MPI is a standard in HPC community which allows a simple use of clusters. Nowadays, there are several implementation (OpenMPI, BullxMPI, MPT, IntelMPI, MPC, …) each of which involves a specific ABI (Application Binary Interface) for an application compiled with a specific MPI implementation. With wi4mpi, an application compiled with an alpha MPI implementation can be run under a beta MPI implementation without any compilation protocol and any concern about the ABI (Preload version). WI4MPI can also be seen as a dedicated MPI implementation; This time, the application is compiled against the wi4mpi library (libmpi.so) with the dedicated wrapper (mpicc,mpif90…) meant for that purpose, and can be run under any other MPI implementation (Interface Version).

Library

How it works

Before performing any translation we need to distinguish the application side from the runtime side. To do that, any MPI object from the application side are prefixed by A_ and those from the runtime side are prefixed by R_. To perform a translation, all original MPI calls from the application are intercepted by WI4MPI and replaced by the same call prefixed by A_. For example, with an OpenMPI —> IntelMPI conversion.

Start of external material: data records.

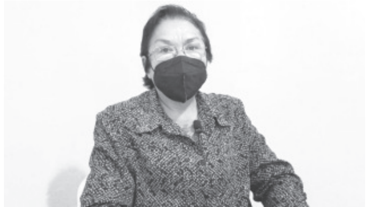
La Presidenta de la Unión de Contribuyentes Grupo Dos, destacó que se espera una alta cantidad de personas que se den de baja ante la SHCP o que dejen de trabajar.

Este año, esta actividad económica se realizó del 10 al 16 de mes de noviembre y los participantes que oficialmente fueron parte se registraron mediante una
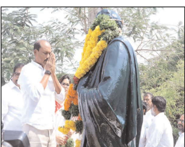
(షణ్ముఖ వెలుగు, విజయవాడ, మే 20)

పవర్ పెట్రోల్ కొనడానికి సుముఖంగా లేరన్నారు. ఫలితంగా డీలర్లు విలువైన వినియోగదారులను కోల్పోతున్నారని తెలిపారు. వారు క్రమంగా పోలీసుల దృష్టికి అవుట్లెట్లకు మారుతున్నారని చెప్పారు. ఇది హెచ్పిసిఎల్ డీలర్ల వ్యాపార మనుగడ, వినియోగదారులను నిలుపుకోవడం పై గణనీయంగా ప్రభావం చూపుతోందన్నారు. ఈ విషయాలను దృష్టిలో ఉంచుకుని స్థానిక మార్కెట్ డిమాండ్, వినియోగదారుల ప్రాధాన్యతకు విరుద్ధంగా పవర్ పెట్రోల్ను తీసుకోవాలని డీలర్లను బలవంతం చేయవద్దని సంబంధిత అధికారులకు తగిన ఆదేశాలు జారీ చేయాలని అభ్యర్థిస్తున్నామన్నారు. నిజమైన అమ్మకాల సామర్థ్యం, వినియోగదారుల ఆమోదం ఆధారంగా పనిచేయాలని డీలర్లను అనుమతించాలని కోరారు. డీలర్ల ప్రయోజనాలను పరిరక్షించడానికి, ఆంధ్రప్రదేశ్ వ్యాప్తంగా ఆరోగ్యకరమైన వ్యాపార కార్యకలాపాలను కొనసాగించడానికి తక్షణ చర్యలు తీసుకోవాలని కోరారు.
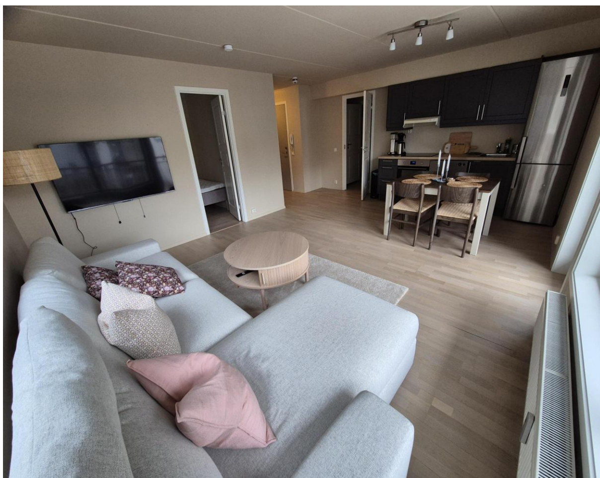
Stue sett fra vindusiden

For å komme seg inn hoveddøren til leilighetskomplekset må man bruke den GULE nøkkelbrikken som er på nøkkelknippet man har fått utlevert. Deretter er det bare å ta heisen/trappen til tredje etasje (man går inn i første etasje), gå inn i fellesgangen for leilighetene i etasjen og leiligheten til Norsk Tollerforbund ligger til venstre, i enden av gangen. Det står et stort messingskilt på døren med Norsk Tollerforbund.
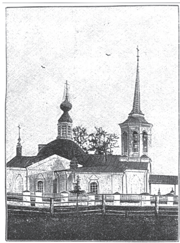
Богородице-Рождественская церковь в г. Берёзово. С фот. И. Д. Носилова грав. Рапесский.

Это уж тобольская фамилия из известных. Среди зачинщиков рода надсмотрщик оружейного двора Никифор Пиленок. Основателем купеческой династии Пиленковых считается Андрей Пиленок, занимавшийся торговлей китайским товаром, возивший сибирскую рыбу на Ирбитскую ярмарку, доставлявший с уральских заводов потребные тобольякам изделия. К XIX веку Пиленковы были одними из главных тобольских богачей, щедро жертвующими на нужды просвещения и на церковь.
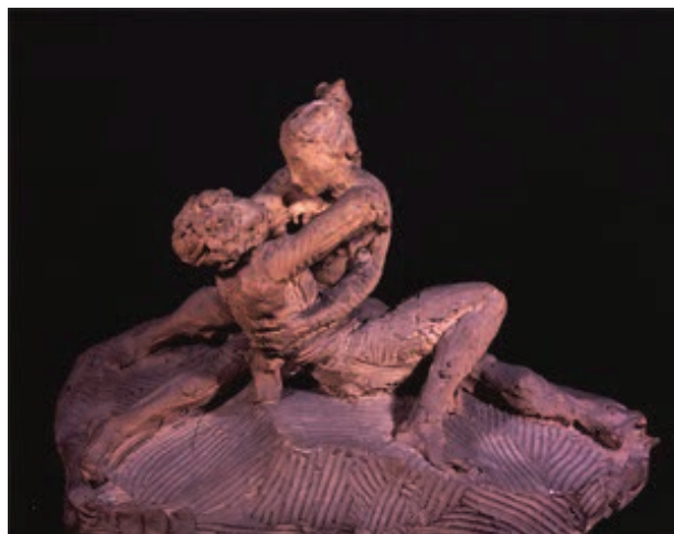
3 – Antonio Canova, Souboj – skica sousoší Psyché probouzené Amorovým polibkem. Possagno, Gipsoteca canoviana

Další fází uměleckého procesu bylo přenesení kresebného návrhu do trojrozměrné formy. Vznikla tak sochařská skica, tzv. bozzetto, v Canovově případě nejčastěji z vosky nebo hlíny. Tyto materiály jsou pro tento účel mimořádně vhodné, protože jsou levné a lehce přebírají nové formy. Winckelmann v této souvislosti tvrdí, že práce v hlíně znamená pro sochaře totéž, co kresba pro malíře. 11 Canovova bozzetta jsou na rozdíl od výsledných, detailně provedených a hladce povrchově upravených soch značně expresivní. Důvodem byla energie a rychlost, se kterou autor vnášel do studie svou invenci. Ke kompozici Amora a Psyché se dochovala celkem dvě bozzetta. Obě jsou si nápadně podobná. Postavy jsou natočeny hrudí k sobě, není zde však na první pohled zřejmé, která z postav je právě probouzena a zachráněna. Jejich těla shodně spočívají na pomyslné skále. [obr. 3, 4]

digraph G { // Nodes node [shape=box]; Application [label="Application: MPI_Init (OpenMPI)"]; Runtime [label="Runtime: MPI_Init (IntelMPI)"]; node [shape=ellipse, style="filled", fillcolor=orange]; Translation; node [shape=box, style="rounded,filled", fillcolor=lightblue]; WI4MPI [label="WI4MPI: A_MPI_Init"]; // Links Application -> WI4MPI [label="Phase 1"]; Translation -> WI4MPI [label="Phase 2", dir=both]; WI4MPI -> Runtime [label="Phase 3"]; }

Fig. 1 How it works

Implementation

Library settings

The library is set during its loading time, when the program start. All the runtime MPI routines are saved to function pointers using a dlsym call to be called later on, all the tables are created and set with MPI constant objects, and the spinlocks are initialized. To do so, we use the following syntax:

void **attribute** ((constructor)) wrapper_init {
  void(*) lib_handle = dlopen(getenv("WI4MPI_RUN_MPI_C_LIB"), RTLD_NOW);
  LOCAL_MPI_Function = dlsym(lib_handle, "PMPI_Function")
  ....
}

The library contains three constructors:

  • wrapper_init in test_generation_wrapper.c (API C) (preload and interface)

  • wrapper_init_f in wrapper.c (API Fortran) (preload and interface)

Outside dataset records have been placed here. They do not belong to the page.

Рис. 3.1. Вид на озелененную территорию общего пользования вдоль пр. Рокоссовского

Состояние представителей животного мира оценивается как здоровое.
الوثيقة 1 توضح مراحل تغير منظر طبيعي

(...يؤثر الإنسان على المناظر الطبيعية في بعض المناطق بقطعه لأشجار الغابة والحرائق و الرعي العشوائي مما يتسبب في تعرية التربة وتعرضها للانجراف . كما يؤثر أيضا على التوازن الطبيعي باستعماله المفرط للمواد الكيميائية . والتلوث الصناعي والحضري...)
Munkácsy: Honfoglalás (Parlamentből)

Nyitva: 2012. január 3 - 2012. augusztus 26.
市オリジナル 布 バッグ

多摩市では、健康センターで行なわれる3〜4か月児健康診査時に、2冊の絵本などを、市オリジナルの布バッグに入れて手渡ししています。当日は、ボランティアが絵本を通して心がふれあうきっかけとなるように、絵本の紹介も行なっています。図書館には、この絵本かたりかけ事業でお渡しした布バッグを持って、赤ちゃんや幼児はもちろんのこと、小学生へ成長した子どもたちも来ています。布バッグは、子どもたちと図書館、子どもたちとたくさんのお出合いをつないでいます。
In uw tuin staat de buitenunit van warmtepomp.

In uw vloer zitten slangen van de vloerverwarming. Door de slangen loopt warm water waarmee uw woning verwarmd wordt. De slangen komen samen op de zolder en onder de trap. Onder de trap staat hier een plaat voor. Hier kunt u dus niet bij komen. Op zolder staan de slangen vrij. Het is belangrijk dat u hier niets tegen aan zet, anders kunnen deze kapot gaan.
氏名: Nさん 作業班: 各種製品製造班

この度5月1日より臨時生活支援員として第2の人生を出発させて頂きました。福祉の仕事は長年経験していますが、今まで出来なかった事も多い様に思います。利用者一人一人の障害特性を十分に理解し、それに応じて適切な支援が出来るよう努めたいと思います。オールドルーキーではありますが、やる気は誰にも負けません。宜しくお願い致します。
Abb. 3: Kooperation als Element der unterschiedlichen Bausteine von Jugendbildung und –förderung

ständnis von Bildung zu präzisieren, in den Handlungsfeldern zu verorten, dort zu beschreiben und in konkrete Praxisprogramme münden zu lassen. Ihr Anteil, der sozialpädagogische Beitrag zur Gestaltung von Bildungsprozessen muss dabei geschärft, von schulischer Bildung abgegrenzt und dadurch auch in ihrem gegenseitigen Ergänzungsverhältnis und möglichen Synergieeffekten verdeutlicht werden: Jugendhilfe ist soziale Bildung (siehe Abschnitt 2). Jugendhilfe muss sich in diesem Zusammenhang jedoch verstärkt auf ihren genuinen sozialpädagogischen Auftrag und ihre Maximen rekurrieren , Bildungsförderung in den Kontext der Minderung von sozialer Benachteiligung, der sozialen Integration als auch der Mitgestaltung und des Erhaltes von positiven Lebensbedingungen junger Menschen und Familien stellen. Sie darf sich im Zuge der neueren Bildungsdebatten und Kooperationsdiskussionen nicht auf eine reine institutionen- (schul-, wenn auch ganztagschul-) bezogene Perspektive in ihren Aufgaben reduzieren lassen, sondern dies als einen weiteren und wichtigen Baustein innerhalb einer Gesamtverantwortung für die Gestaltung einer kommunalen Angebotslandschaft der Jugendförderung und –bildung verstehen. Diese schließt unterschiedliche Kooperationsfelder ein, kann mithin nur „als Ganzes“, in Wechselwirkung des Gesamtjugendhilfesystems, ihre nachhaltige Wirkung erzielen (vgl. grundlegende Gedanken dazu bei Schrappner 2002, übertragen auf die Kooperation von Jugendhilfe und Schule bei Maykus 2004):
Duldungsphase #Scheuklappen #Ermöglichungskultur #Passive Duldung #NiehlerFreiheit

  • wrapper_init_c2ff2c in c2f_f2c.c (API c2f/f2c)

Symbol overload

The mpi calls are intercepted thanks to the following rerouting:

  • #define A_MPI_Send PMPI_Send

  • #pragma weak MPI_Send=PMPI_Send

(See interface_test.c in src/interface/gen/interface_test.c and src/interface/gen/interface_fort.c) This syntax is also present but hidden in test_generation_wrapper.c (src/{preload,interface}/gen/) within an asm code chooser for the next reason.

The MPI-IO implementation (ROMIO) present within most MPI implementations triggers some calls to the MPI user interface that WI4MPI intercepted using the symbols overload protocol. This implies that during the runtime (phase 3 and above), some MPI calls are made triggering WI4MPI to re-intercept them and crash the application. The crash is the result of WI4MPI trying to convert arguments from the runtime version to the runtime version. An example is illustrated below.

digraph G { // Nodes node [shape=box]; Application [label="Application: MPI_File_open (OpenMPI)"]; Runtime [label="Runtime: MPI_File_open (IntelMPI)"]; node [shape=box, style=filled, fillcolor=red]; Crash; node [shape=ellipse, style="filled", fillcolor=orange]; Translation; Translation_phase_3 [label="Translation"]; node [shape=box, style="rounded,filled", fillcolor=lightblue]; WI4MPI [label="WI4MPI: A_MPI_File_open"]; WI4MPI_phase_3 [label="WI4MPI: A_MPI_Allreduce but with runtime arguments\n instead of application arguments (R_ instead of A_)"]; // Links Application -> WI4MPI [label="Phase 1"]; Translation -> WI4MPI [label="Phase 2", dir=both]; WI4MPI -> Runtime [label="Phase 3"]; Runtime -> WI4MPI_phase_3; WI4MPI_phase_3 -> Translation_phase_3; Translation_phase_3 -> Crash; }

Fig. 2 Example: symbol overload

To overcome this issue, we used an assembly code router.

Code chooser assembly

The ASM code chooser does the simple following things:

If we already are in the wrapper:

  • The arguments are passed without any translation protocol to the underlying MPI runtime call (LOCAL_MPI_function)

Otherwise:

  • The arguments are translated and passed to the underlying MPI runtime call (LOCAL_MPI_function)

To know which state the process is, we check the value of the in_w variable:

  • in_w=1 : in the wrapper

  • in_w=0 : in the application

Since the implementation of MPI objects is developer dependent, some of them may vary in size. To make sure that there is no side effect, the code chooser analyzes the stack itself.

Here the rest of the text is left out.